Here is a snippet from the kernel log showing the initial collision(s):
Dec 14 13:17:28 ipfire charon: 11[KNL] creating rekey job for CHILD_SA ESP/0xc68f239f/xxx.xxx.xxx.xxx
Dec 14 13:17:28 ipfire charon: 11[IKE] establishing CHILD_SA HudsonNew{38}
Dec 14 13:17:28 ipfire charon: 11[IKE] establishing CHILD_SA HudsonNew{38}
Dec 14 13:17:28 ipfire charon: 11[ENC] generating CREATE_CHILD_SA request 14 [ N(REKEY_SA) N(IPCOMP_SUP) SA No KE TSi TSr ]
Dec 14 13:17:28 ipfire charon: 11[NET] sending packet: from xxx.xxx.xxx.xxx[4500] to yyy.yyy.yyy.yyy[4500] (344 bytes)
Dec 14 13:17:28 ipfire charon: 05[NET] received packet: from yyy.yyy.yyy.yyy[4500] to xxx.xxx.xxx.xxx[4500] (444 bytes)
Dec 14 13:17:28 ipfire charon: 05[ENC] parsed CREATE_CHILD_SA request 10 [ N(REKEY_SA) N(IPCOMP_SUP) SA No KE TSi TSr ]

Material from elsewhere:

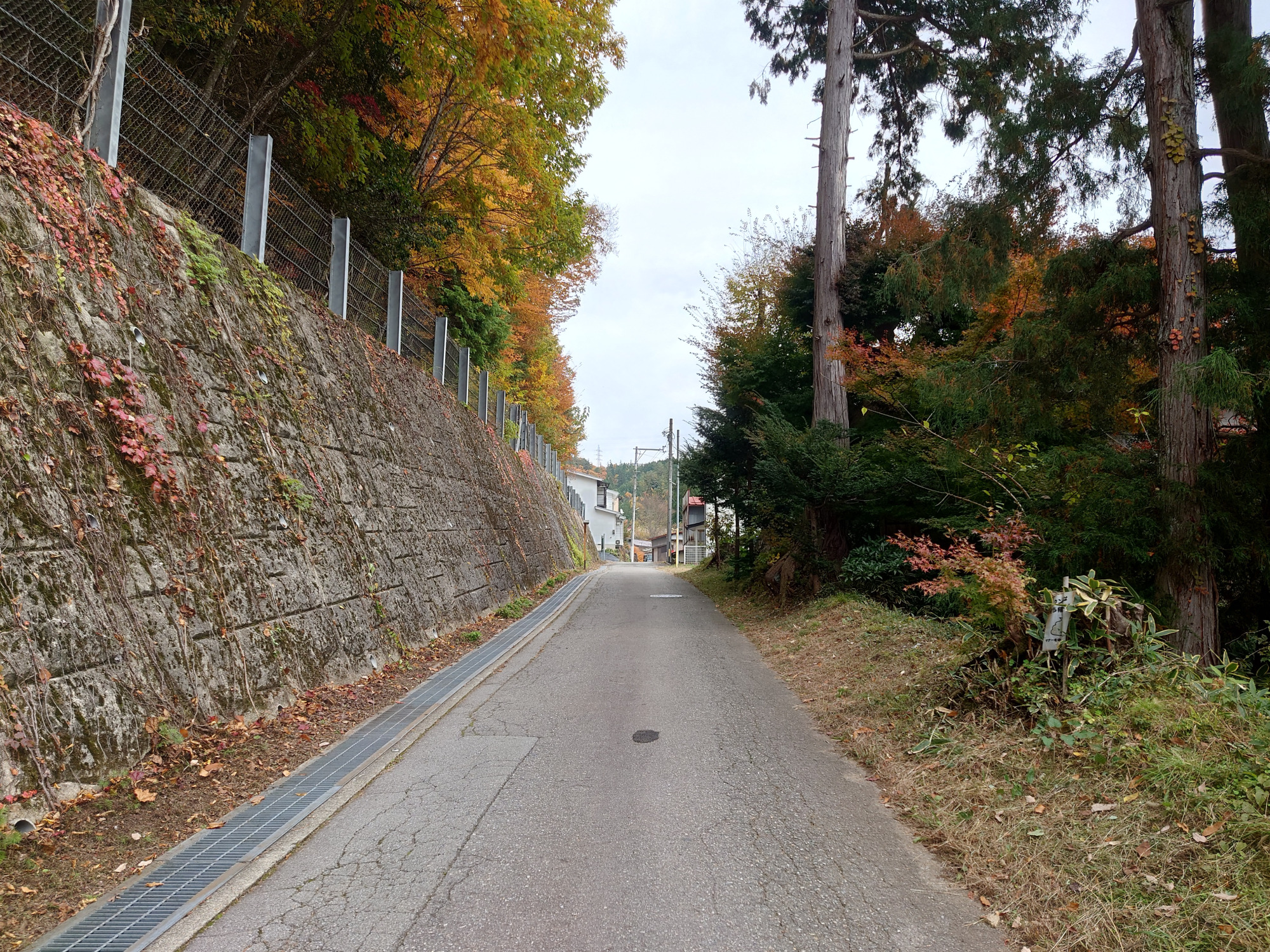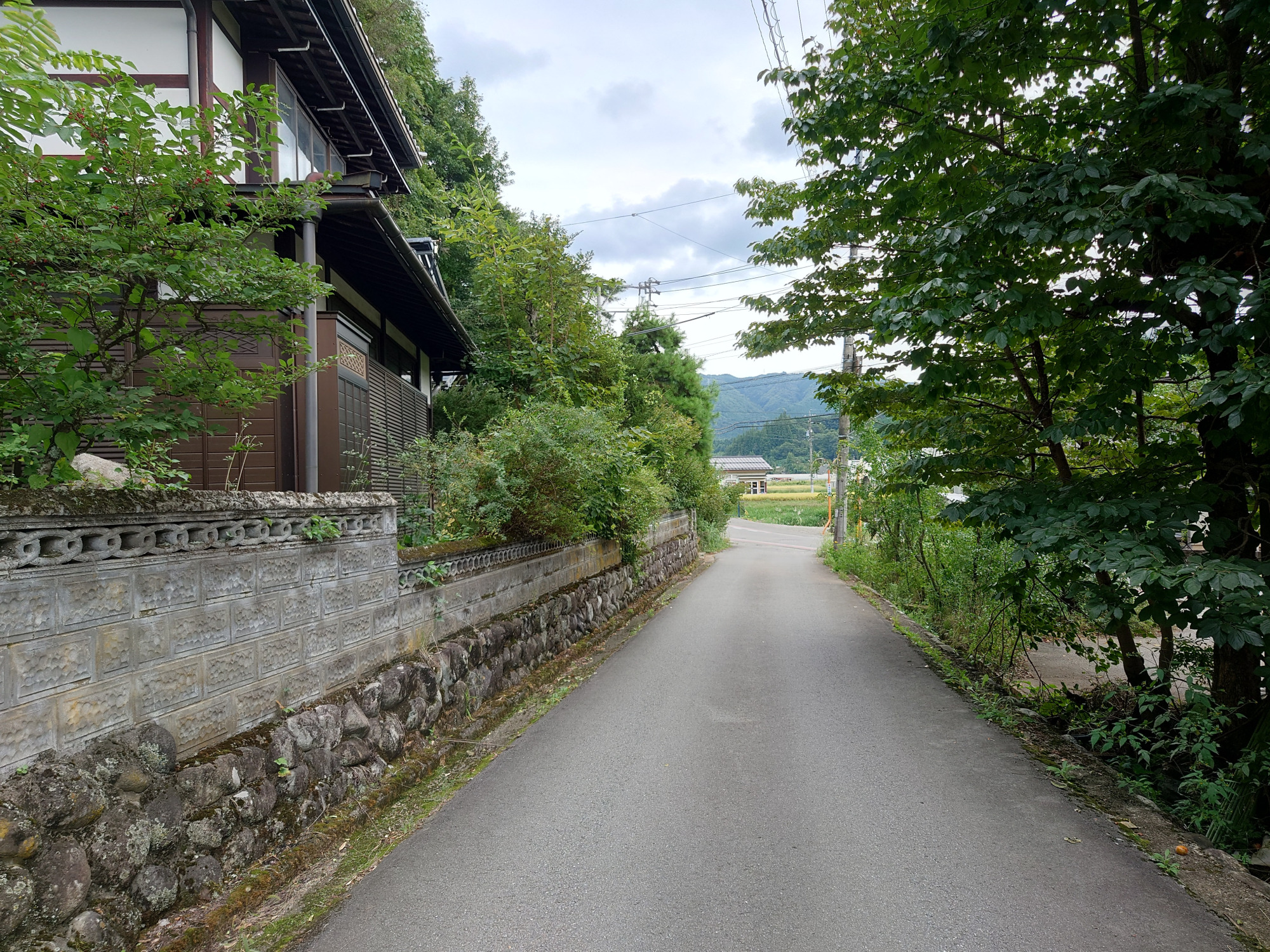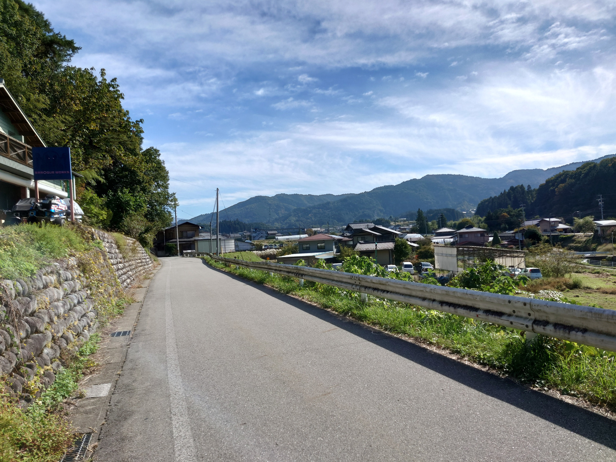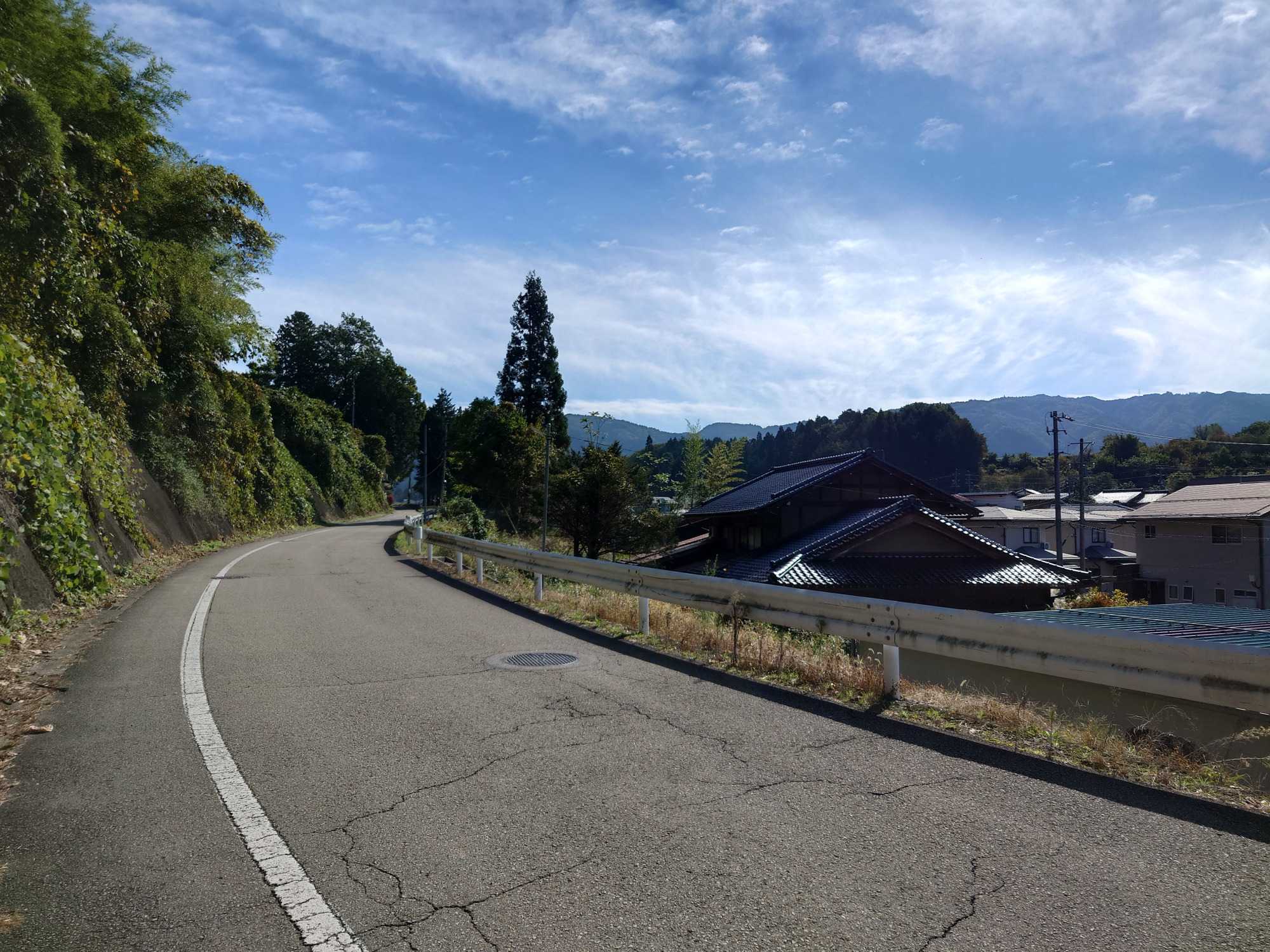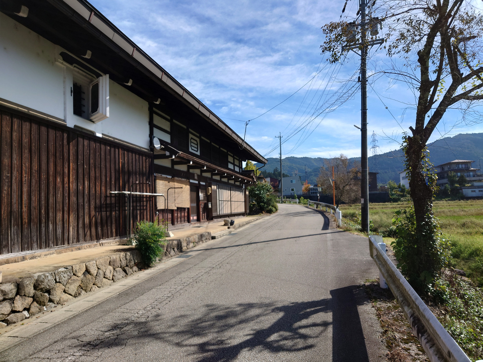 ▲小学校を通り過ぎた先で、昔の街道筋の名残を感じさせる風景に出会いました。 左手の家は、司馬遼太郎が『街道をゆく・飛騨街道』で「うつくしい」と感嘆した、伝統的な飛騨の民家の造りをしています。

Dec 14 13:17:28 ipfire charon: 05[IKE] CHILD_SA HudsonNew{10483} established with SPIs cc94730d_i c654401c_o and TS 10.100.0.0/23 === 192.168.0.0/24
Dec 14 13:17:28 ipfire charon: 05[IKE] CHILD_SA HudsonNew{10483} established with SPIs cc94730d_i c654401c_o and TS 10.100.0.0/23 === 192.168.0.0/24
Dec 14 13:17:28 ipfire charon: 05[IKE] detected CHILD_REKEY collision with CHILD_REKEY
Dec 14 13:17:28 ipfire charon: 05[ENC] generating CREATE_CHILD_SA response 10 [ N(IPCOMP_SUP) SA No KE TSi TSr ]
Dec 14 13:17:28 ipfire charon: 05[NET] sending packet: from xxx.xxx.xxx.xxx[4500] to yyy.yyy.yyy.yyy[4500] (332 bytes)
Dec 14 13:17:28 ipfire charon: 12[NET] received packet: from yyy.yyy.yyy.yyy[4500] to xxx.xxx.xxx.xxx[4500] (332 bytes)
Dec 14 13:17:28 ipfire charon: 12[ENC] parsed CREATE_CHILD_SA response 14 [ N(IPCOMP_SUP) SA No KE TSi TSr ]
Dec 14 13:17:28 ipfire charon: 12[IKE] CHILD_SA HudsonNew{10482} established with SPIs cc4f7fb7_i ccc34f5a_o and TS 10.100.0.0/23 === 192.168.0.0/24
Dec 14 13:17:28 ipfire charon: 12[IKE] CHILD_SA HudsonNew{10482} established with SPIs cc4f7fb7_i ccc34f5a_o and TS 10.100.0.0/23 === 192.168.0.0/24
Dec 14 13:17:28 ipfire charon: 12[IKE] CHILD_SA rekey collision lost, deleting rekeyed child
Dec 14 13:17:29 ipfire charon: 12[IKE] closing CHILD_SA HudsonNew{10482} with SPIs cc4f7fb7_i (120 bytes) ccc34f5a_o (145 bytes) and TS 10.100.0.0/23 === 192.168.0.0/24
Dec 14 13:17:29 ipfire charon: 12[IKE] closing CHILD_SA HudsonNew{10482} with SPIs cc4f7fb7_i (120 bytes) ccc34f5a_o (145 bytes) and TS 10.100.0.0/23 === 192.168.0.0/24
Dec 14 13:17:29 ipfire charon: 12[IKE] sending DELETE for ESP CHILD_SA with SPI cc4f7fb7
Dec 14 13:17:29 ipfire charon: 12[ENC] generating INFORMATIONAL request 15 [ D ]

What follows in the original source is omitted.